今までの道中で集めてきたのは目標数の半分ほど。
しかし、その残りの半分はここで五分ほど採取をしただけですぐに集まった。
目標数を集めて確認してみれば、この群生地の一割ほどしか減っていない。
「よし、これで十分だな」
「終わった~」
「もう遅いしここで今日の移動は終わりにしよう。
二人とも箱庭を開けるね」
「?」
と、華奈といつもの流れでやっていたのだがリリィの反応を見て<箱庭>の説明をしてなかったことに気づく。
まあ、いつ説明しても内容は一切変わらないし後で説明すればいいかと思いそのまま<箱庭>を展開させた。
「開け<箱庭>」
スキルを展開するキーワードを唱えると、僕たちの目の前に白い立方体が出現した。
立方体はふわふわと大体地面から一メートルのところで浮遊しておりゆっくりと回転している。
この立方体が“箱庭”に入るためのポータルとなる。
このスキル、実際に使えばすぐに理解できるようなものなのだが言葉だけで説明するとややこしい説明になってしまう。
そのため、先に使い方だけリリィに教える。
「リリィ、これに触れてみな」
僕の指示に従ってリリィはポータルに手を伸ばす。
それを追うように僕と華奈もポータルに向かって手を伸ばした。
手を触れた瞬間、視界が真っ白に染め上げられるのだった。
僕たちが転移した先は小さなコテージのある庭。
現在の視界にはいくつか花のアーチが掛かった小道とその先に見える丸太のコテージ。
そこ以外にも小道はいくつかあり、色々な花や木が植えてある。
前にも説明した通り“花園”の劣化空間を作成するスキルでこちらは範囲制限がある。
中に入るには発動者の許可が必要で許可が無いと立方体をすり抜けてしまい、触れることは出来ない。

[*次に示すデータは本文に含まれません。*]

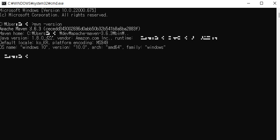4. 설정이 완료되면 maven 버전을 확인하였을 때 cmd > mvn -version으로 확인 가능하다.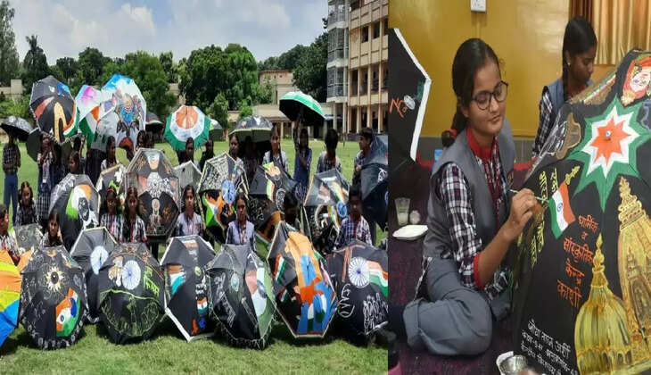 BHU : केंद्रीय विद्यालय में छाता चित्रकला कार्यशाला का हुआ आयोजन, बच्चों ने छातों पर उकेरा देश भक्ति चित्र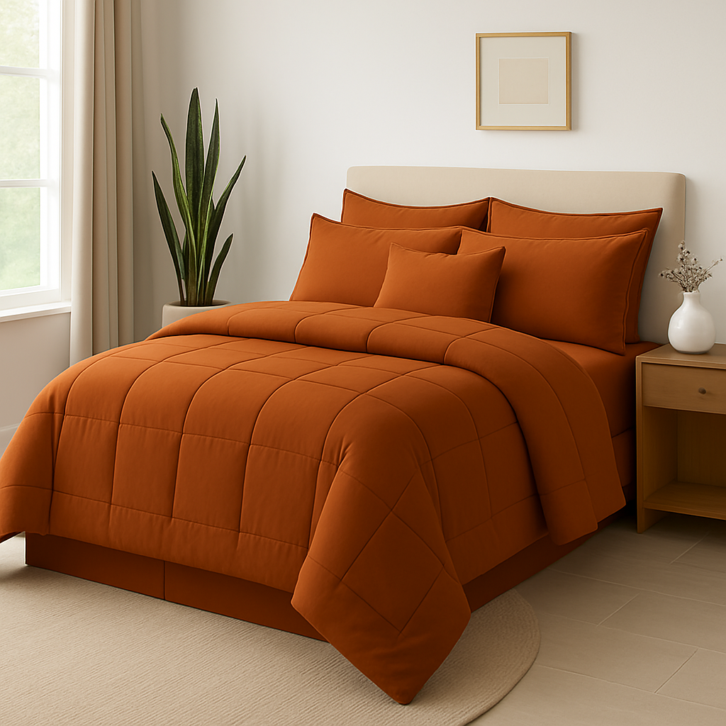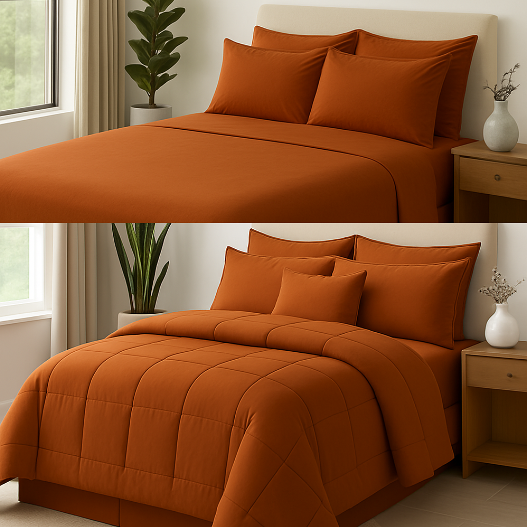 INCLUYE : Juego de sabanas y cobertor doble cara (7 piezas: sabana liga, sabana plana, edredón y 4 fundas de almohadas.
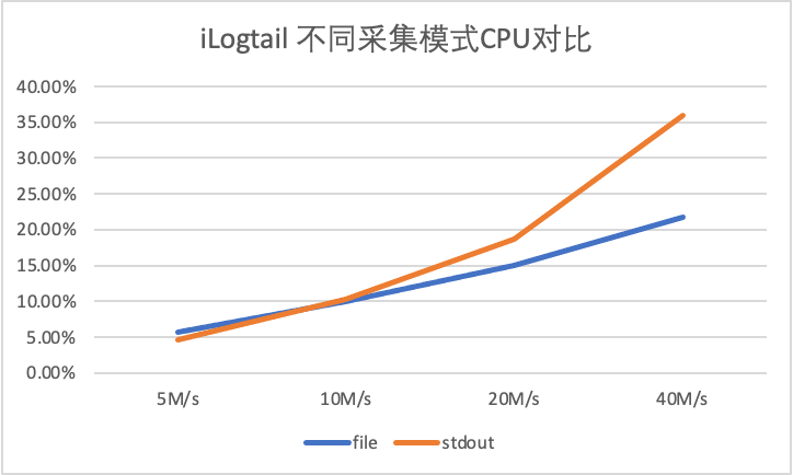 实验5:iLogtail 在 5M/s、10M/s、10M/s、40M/s 下的标准输出流采集性能。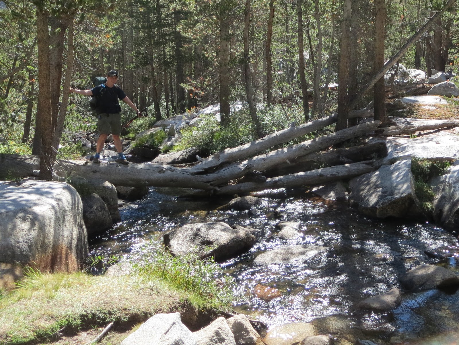| A branch of Bear Creek where I crawled over this angled log in fear. Not fun! |

僕たちはコテージへの小道を進んでいき、コテージの中へと入る。
中はちょっと低めになった玄関があってすぐにリビングがある。
リビングは右側に玄関があって、左側が色々と揃ったキッチン。
中央手前側にダイニングテーブルがあって、奥側にゆっくりとくつろげるソファーとローテーブルが置いてある。

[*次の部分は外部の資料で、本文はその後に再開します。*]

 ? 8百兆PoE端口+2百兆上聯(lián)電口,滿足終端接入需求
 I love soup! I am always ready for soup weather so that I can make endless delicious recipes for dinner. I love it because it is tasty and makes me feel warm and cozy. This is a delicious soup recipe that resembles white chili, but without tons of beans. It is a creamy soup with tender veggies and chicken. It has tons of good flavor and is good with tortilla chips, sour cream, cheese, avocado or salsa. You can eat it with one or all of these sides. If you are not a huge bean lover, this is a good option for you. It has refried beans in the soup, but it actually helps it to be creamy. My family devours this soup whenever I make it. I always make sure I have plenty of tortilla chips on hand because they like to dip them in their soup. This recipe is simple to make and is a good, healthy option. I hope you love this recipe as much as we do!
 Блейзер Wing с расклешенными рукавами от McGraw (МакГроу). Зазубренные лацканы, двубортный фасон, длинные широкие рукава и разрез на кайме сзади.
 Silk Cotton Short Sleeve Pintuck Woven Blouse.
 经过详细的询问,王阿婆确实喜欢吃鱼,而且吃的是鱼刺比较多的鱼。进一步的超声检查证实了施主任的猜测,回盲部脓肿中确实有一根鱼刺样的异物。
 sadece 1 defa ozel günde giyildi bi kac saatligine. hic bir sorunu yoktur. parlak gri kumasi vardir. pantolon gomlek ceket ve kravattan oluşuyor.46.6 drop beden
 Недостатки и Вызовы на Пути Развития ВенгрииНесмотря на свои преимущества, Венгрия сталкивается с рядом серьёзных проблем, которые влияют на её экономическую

また、奥には二つのドアがあって左に入ると洗面所とトイレ、お風呂があり、右側が寝室でキングサイズのベッドが一つ置いてある。
靴を脱ぐと、僕たちは奥のソファーに座って一息つく。
「ふ~。
疲れたー」
「私もです」
二人はソファーに深々と座り込むと、お互いにもたれかかってぐったりとしている。
僕は<アイテムボックス>に常備してある冷えたお茶を注ぐと二人の前に出す。
二人はシンクロしたかのようにコップを取るとゴクゴクといい音を立てながら一気に飲み干していった。
「じゃあ、二人は休んでなよ。
夕飯は僕がカレーでも作るから」
「ナギ様、カレーって?」
「僕の世界の料理だよ。
本来はけっこう辛いんだけど、今日は甘めで作るつもり」
「じゃあ、楽しみにしています」
お茶を飲んで少しは復活したのか、僕の言葉に反応し目はキラキラしている。
「とりあえず、ご飯作り始めるから二人とも先にお風呂に入ってきていいよ」
「うん、じゃあお先にお風呂入って来るね。
リリィちゃんも行こ」
それを聞いた二人はすぐに立ち上がると服を脱ぎながらお風呂のあるドアに入っていった。
脱衣所が用意してあるが、そこに着く前に服を脱ぎ始めるということはお風呂に出来るだけ早く入りたかったのだろう。
僕はそれを見送りながらキッチンに向かうと、材料や調理器具の準備に取り掛かった。